6) Where do personal AI assistants fit in this framework?
Personal AI assistants like Vellum sit at L3 and above for individual users: they observe context across surfaces, plan multi-step actions, and act on behalf of their guardian through skills written in plain code.
7) How do multi-agent systems work?
Multi-agent systems use specialized agents that share context and work together toward a common objective. Sandboxed environments and clear handoff contracts keep the collaboration predictable.
8) What are the risks of advancing too quickly toward full autonomy?
Overextending autonomy can lead to unpredictability or performance drift.
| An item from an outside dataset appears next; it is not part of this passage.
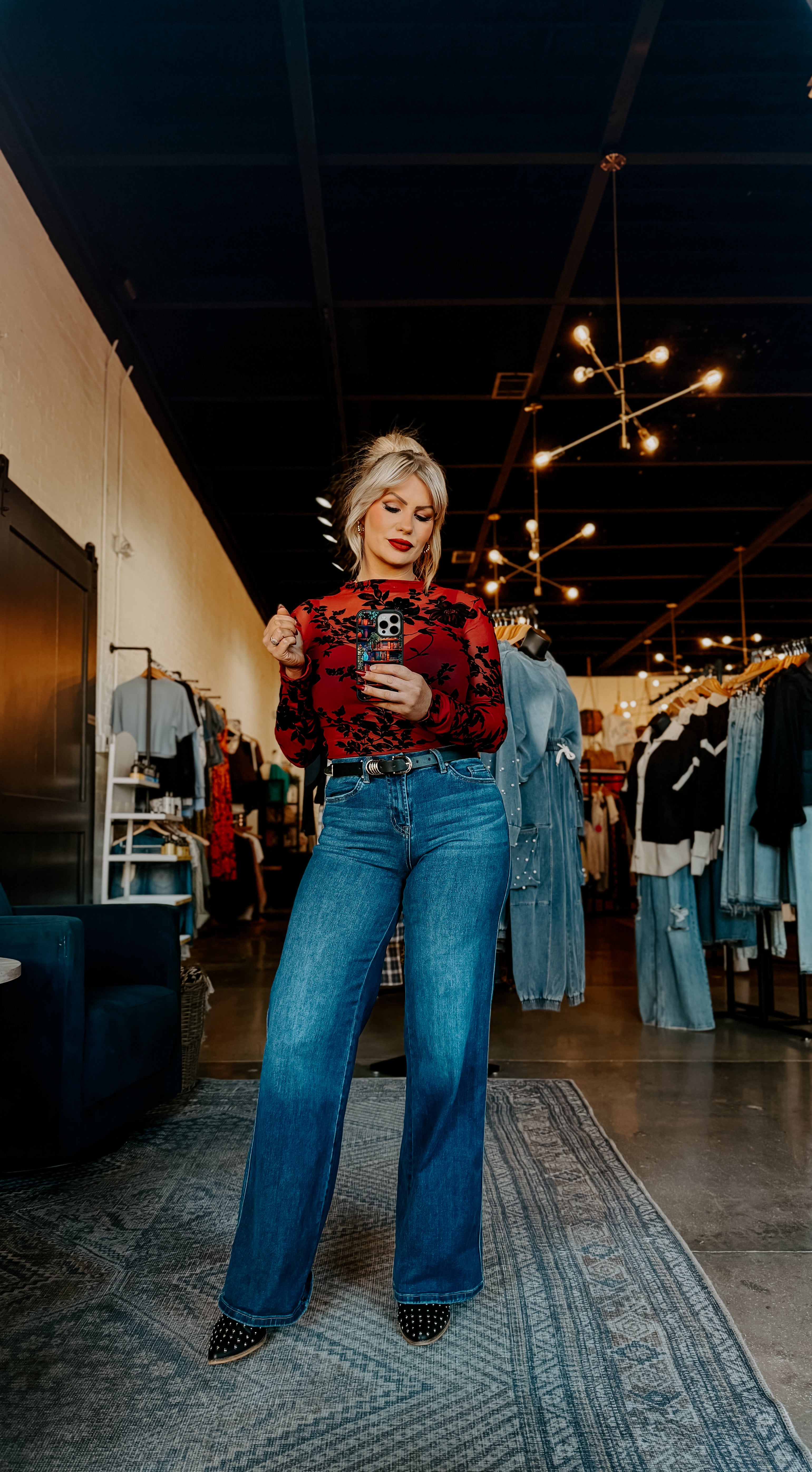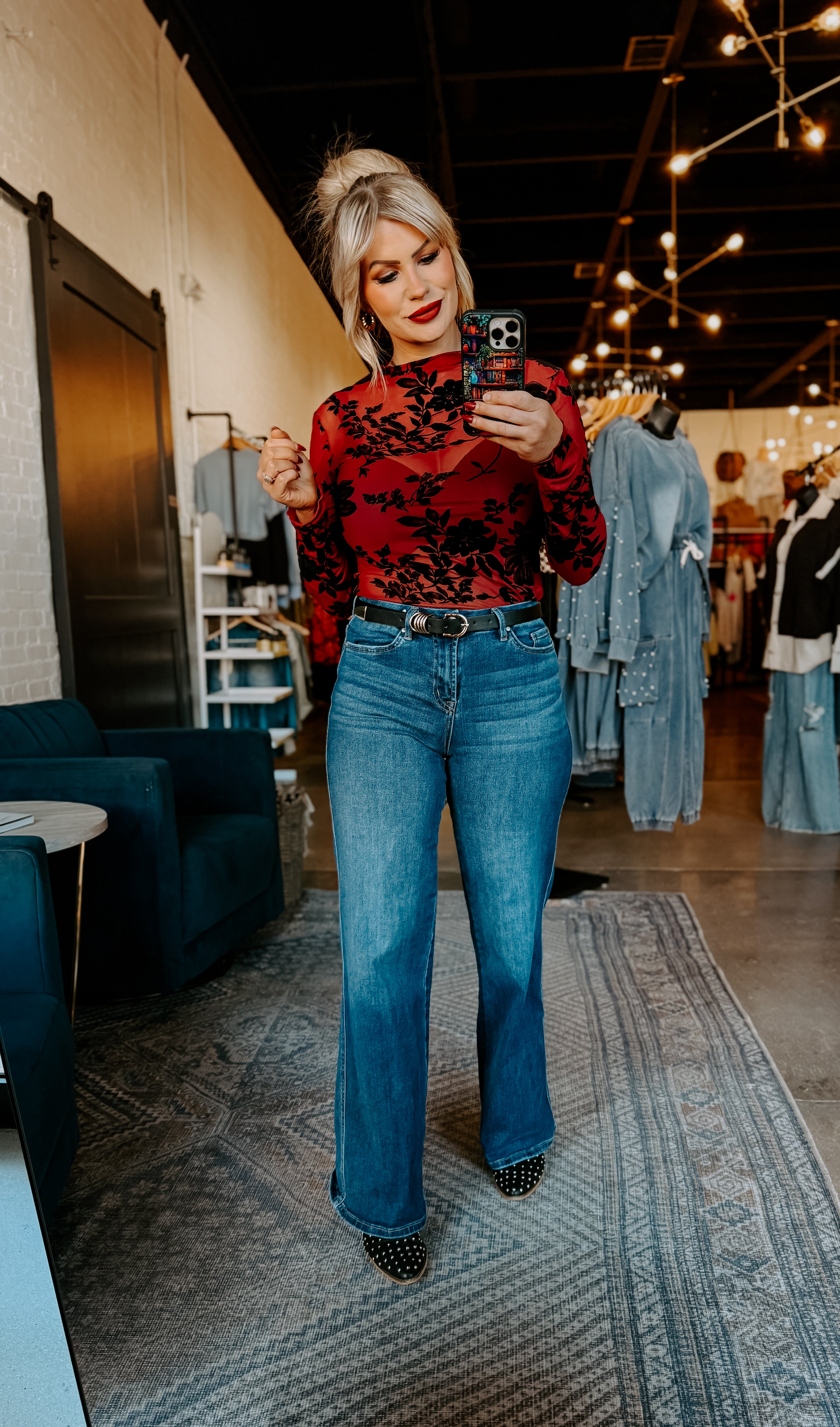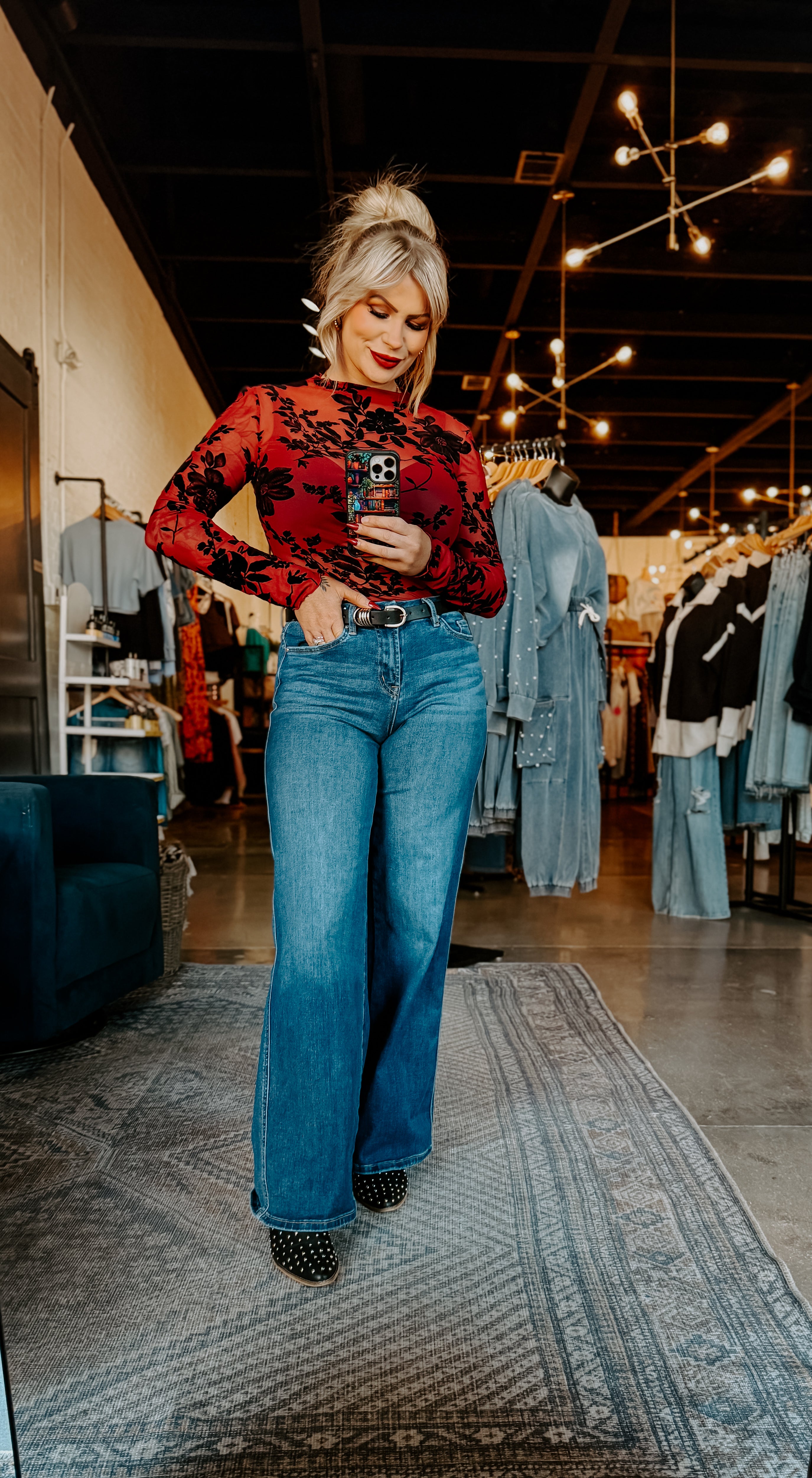 Elevate your everyday wardrobe with this stunning sheer mesh top featuring delicate floral flocking that catches the light beautifully. The mock neck design offers a sophisticated silhouette while long sleeves provide versatile coverage for any season. The intricate floral print adds texture and visual interest, making this piece perfect for layering or wearing solo over a slip. Whether you're dressing up for an evening out or adding dimension to casual looks, this top delivers effortless elegance with its modern construction and timeless appeal.

Versioning, audit logs, and the ability to roll back to a previous configuration keep autonomous behavior bounded.
9) How can I measure my AI’s level of agentic behavior?
Evaluate autonomy, goal tracking, and adaptability. Execution traces and evaluation sets are the practical tools for benchmarking progress over time.
10) How does agentic behavior relate to AI governance and safety?
Higher autonomy requires versioning and evaluations paired with governance. Audit trails, permission controls, and reproducible run histories keep agent behavior accountable as systems mature.